User can select the policies that you want to be applicable for th cloud account. There are different types of policies you can select from – Standards, Security and Cost Optimization.

Schedules

This is to provide rules for scheduling auto shutdown of the virtual machine associated with the cloud account.
The options available are:

Field Description
Shutdown Details The frequency of the shutdown must be mentioned here. For example, Daily.
Shutdown Time Select the time at which the VM shutdown must be initiated.
Restart Time Select the time at which the VM should get restarted.
Applicable Tags Add tags to specify which VMs should be auto showdown.

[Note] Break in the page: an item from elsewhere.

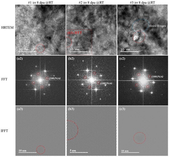 HRTEM images, FFT images and corresponding IFFT images after irradiated 8 dpa: (a1–a3) #1; (b1–b3) #2; (c1–c3) #3. The red circles in the FFT images are the NiAl superstructure spots. The red circles in the IFFT images represent NiAl, and the blue represent Moiré fringes.
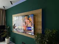 La zone de loisirs est séparée par un comptoir de bar, qui crée une atmosphère confortable pour les réunions avec des amis. Le salon dispose d'un climatiseur à onduleur et d'une télévision avec éclairage séparé, et les fenêtres au sol remplissent l'espace de lumière et créent une sensation de grande superficie.

Click onto proceed to Consumption

Consumption

This section highlights the settings for VMs specific to this cloud account in the Self Service Catalog. Here you can select the Operating Systems, Preferred Regions and Preferred Compute Sizes for VMs.

Complete the selection for the following required fields –

FieldDescription
Operating
System
Select the OS that should be made available to VMs associated with this account.
Preferred
Region
Select the region to provision the resource.
Preferred
Compute Size
Select the preferred compute size for the VM.

Click onto proceed to Cost

Cost

You can configure the budget for this specific cloud account in this section. The budget displayed here is considered when computing the cost analytics and display accordingly in the Cost Analytics Dashboard. You can specify the Daily, Weekly and Monthly budget here.

User Defined

User can define their own budget and enter it in User Defined Section manually.

Auto Calculated

Auto Calculated Cost which is suggested is derived by the system based on the usage trends of the account currently reviewed.

Click on Next to proceed to the next step

Authorization

This is the last step in the Onboarding Process, wherein the user levels are to be defined. That is, here, you can define which roles can work with this cloud account.

You can view or change the role permissions in Settings > Roles.

View Onboarded Account

A user can review the details and selection of an AWS onboarded account by

  • Navigating to the icon on top of the page and select Cloud Accounts from the drop down list.
  • Select the account that needs to be reviewed from the list
  • Account details are made available in the following page

Edit Onboarded Account

Any details of an account can be edited, to do this:

  • Navigate to the icon on the top page and select Cloud Account from the drop down list
  • Choose the account you want to edit from the list, click on the icon
  • From the available list of resources, click on ‘Edit’ option
  • The next page available allows users to make changes to their selection (after they have entered correct Access Key & Secret Key for authentication)
  • Clicking on the Next button navigates the users to the following page – Activation, Configuration, Authorization.
  • At the end of Authorization, User can update the changes.